A Marollo il piano sembrò debole ma sensato.

Sistemarono il grassone in posizione dignitosa. Poi OvoDiFerro si mise a cassetta.

“Guido io,” disse a Marollo. “Che tu fai schifo.”

“Posso dire che ho il mal di Lebhr. Mi  butto addosso un mantello.”

“E poi? A Rumen gli infetti non li fanno passare.”

“Ma io non sono infetto.”

“Ma ci pari.”

Alla fine decisero che avrebbero viaggiato insieme, ma separandosi alle porte della città. OvoDiFerro sarebbe entrato per la via principale, mentre Marollo avrebbe usato le cloache. Nascosero i cadaveri dei soldati dietro ai cespugli, e partirono.

Non incontrarono nessuno lungo la via; ma i buoi erano lenti, e neppure le frustate riuscivano a motivarli. Viaggiarono in quelle condizioni fino allo Zenith, tormentati dal caldo e dalle mosche. Poi OvoDiFerro udì cavalli al trotto che si avvicinavano, e urlò a Marollo di scendere.

Marollo aveva preso posto accanto al cadavere, e dormiva. Fece appena in tempo a infilarsi tra gli alberi che sullo stradone apparvero trenta soldati con elmi e armature di rame. Dietro di loro veniva un grosso carro, nero come la pece. Le insegne dei cavalieri erano verdi. I mantelli rosso fuoco.

Marollo imprecò. Verde e rosso, rosso e verde. Ecco cos’era successo.

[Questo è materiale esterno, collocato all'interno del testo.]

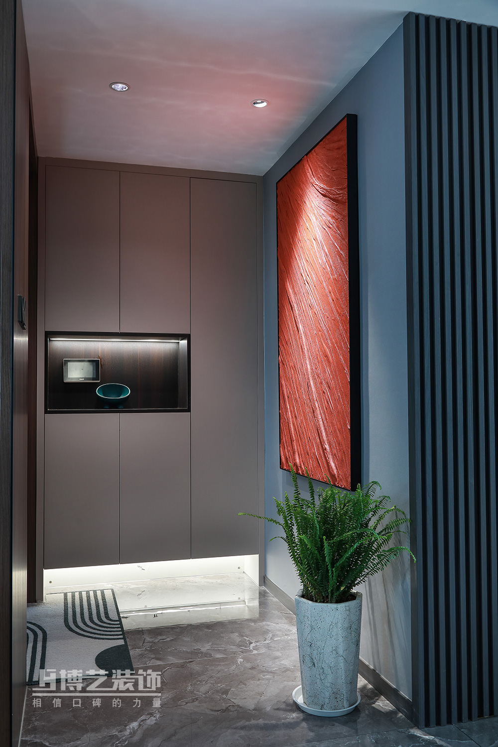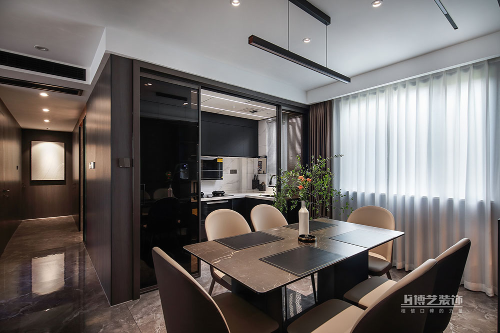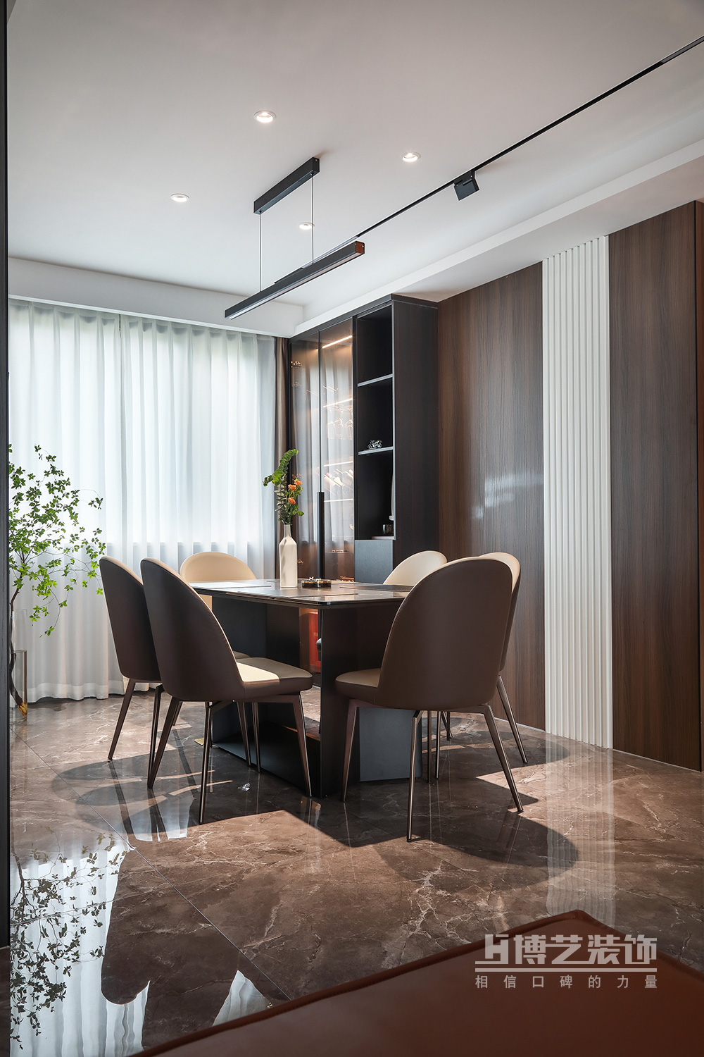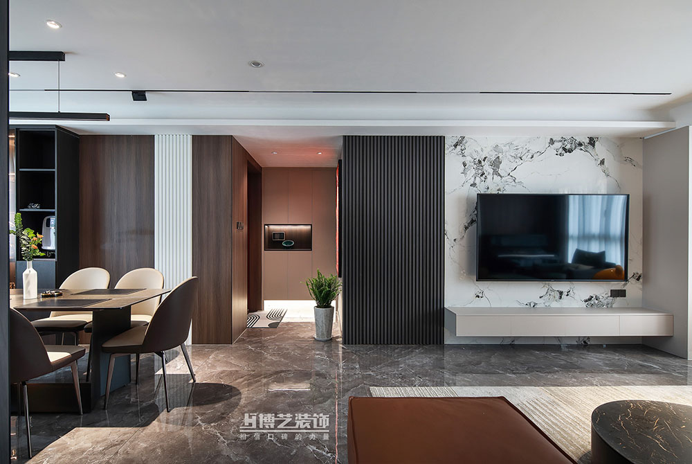 設計師圍繞“以簡為精”的設計,讓材質與色彩充分發(fā)揮,塑造出一個高貴的生活空間,

Quando vide il carro, il comandante fece fermare gli uomini. Osservò il mezzo e il conducente. Poi andò al carro nero a riferire. La porta della vettura subito si spalancò. Ne scese un vecchio pallido e magro, dal naso a becco e gli occhi infuocati, vestito con un lungo mantello nero ornato da figure dorate. Marollo rabbrividì: erano i sigilli di Pluto, i simboli proibiti che aveva imparato a conoscere da giovane, nei tre anni passati in schiavitù.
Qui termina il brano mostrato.